THE SCIENCE OF
With Chuan C Chang, author of Fundamentals of Piano Practice
interviewed by Leah Young
The Power of Mental Play
-- Out of all the topics in your book, [and you really covered a lot of ground in that book] the idea of mental play is my favorite topic. I never really exercised that part of my brain much before I started reading your book and now that I’ve tried it, I have seen wonderful results. --
Mental play has all kinds of beneficial effects. Not only beneficial, but necessary. All the great performers and the great musicians have tremendous mental play power. It’s obvious to recognize that when one observes what these great musicians did. It's one of the most powerful tools that we have and it's so overlooked.
-- Mental play is a little difficult at first before one adapts to it, but I have found it to be a crucial part of my practice routine. Because I can play a piece and have the muscle memory and there it is. Before I developed the ability to do mental play, I would go and try to play it in my mind without the instrument get stuck so easily. It's really hard at first. Like anything, it gets easier and easier, and it is so powerful and valuable. --
There's an easy way to get out of that kind of fear about mental play. Consider a mother with five kids getting up in the morning, and each kid has his preference on what he eats for breakfast, and how to make each breakfast, and which school they go to, and how they go to school, and when to pick them up, and all that.
When a mother wakes up in the morning, she goes through this entire thing in the morning to make sure that she knows what to do for the day. That's mental play. She's never been trained in mental play. Yet, she's an expert in it. The mental play she conducts in figuring out the whole day is much more complicated than a Bach invention!
Mental play is not difficult, and everybody does it. If you're not trained to do that in music, it's difficult to get started. But conceptually, everybody already does it. There's no reason to be afraid of it, or think of it as difficult. You just have to use it and practice it.

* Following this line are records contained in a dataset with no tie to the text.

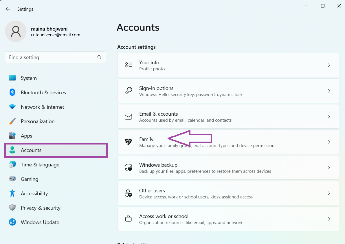 2. Quindi fare clic suContinel riquadro sinistro > fare clic suFamiglianel riquadro di destra.
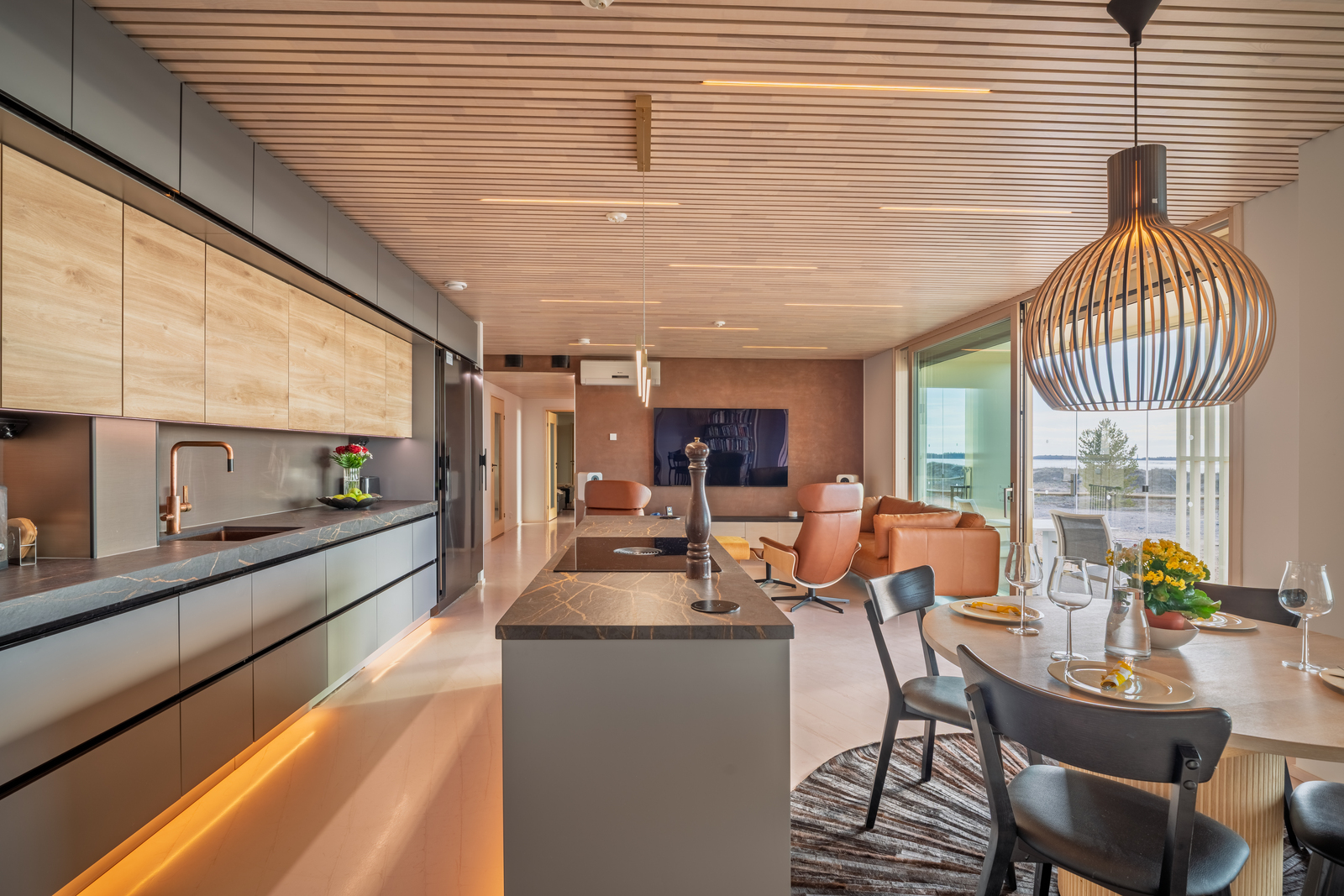 - Kosteissa tiloissa Radiata mäntypaneeli, muissa tiloissa mäntyrimakatto upotetulla led valaistuksella.
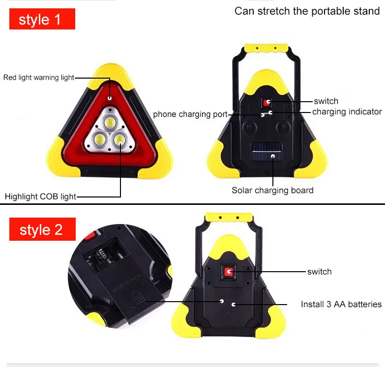 مصباح تحذير طوارئ LED محمول، مصباح تحذير حركة المرور، مصباح مثلث يعمل بالطاقة الشمسية، مصباح COB قابل لإعادة الشحن عبر USB، ضوء سيارة
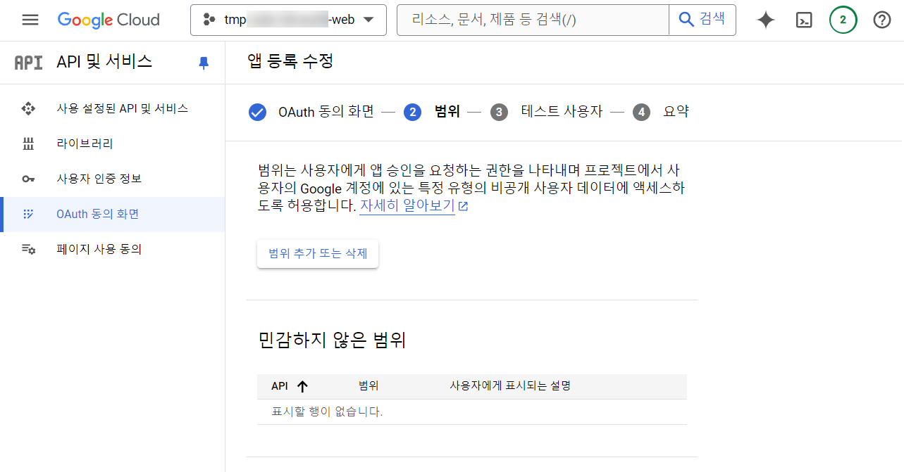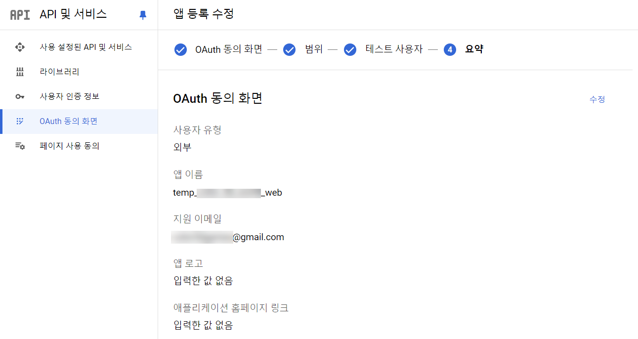14)최종적으로 OAuth 동의 화면 등록 정보를 확인합니다.
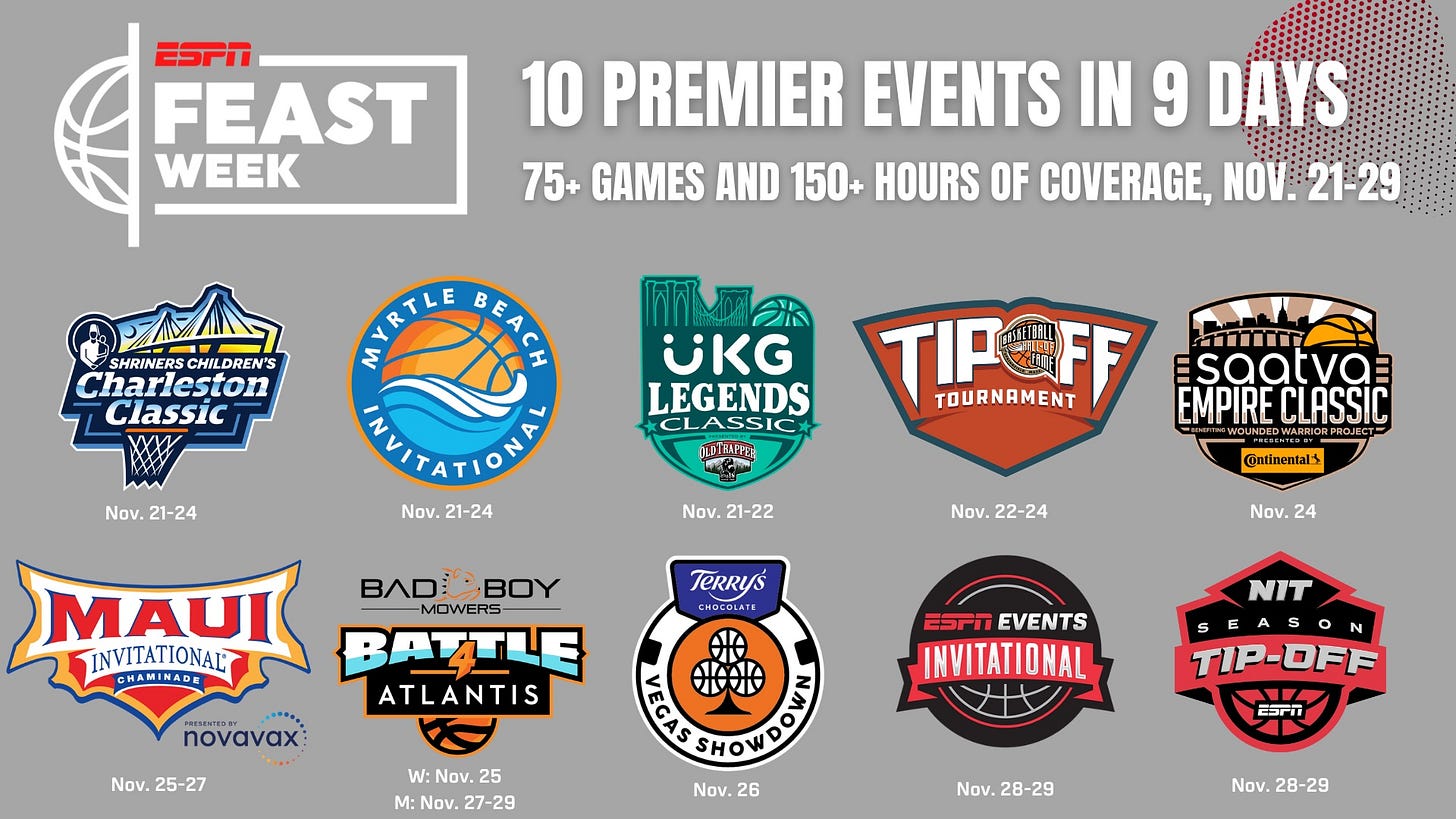 Meanwhile, on the men’s side, Feast Week has begun! This is one of my favorite times in the season because of all the mini tournaments creating great matchups you don’t get to see on the schedule as often. Obviously, Feast Week is a double meaning here as it mainly refers to Thanksgiving, but also because there is just a buffet of delicious snacks on the schedule all week that we just get to gobble up. Here are some of the highlights to circle on calendar.

-- You'll often see people, myself included, who get nervous playing in a recital, and we start thinking, "Oh no. I'm messing up. This is awful. This is like a bad dream." These are the thoughts that are so loudly going through our heads as we perform. But now I'm training myself so when I'm performing, and also when I'm practicing, to be very focused on playing the music in the moment in my head and not be thinking about other things. That's another application for mental play, mental play in tandem with physical play. --
Mental play is the best cure for stage fright. Before, I used to get so nervous. I hated performing just because of the nervousness. Then I learned about the mental play when I was about 50 years old. I said, "Man, this is great."
I started using it and I found out that if I can mentally play a piece completely away from the piano, I wasn't nervous at all. Now I wonder, "How does anybody perform without mental play? It's so scary!"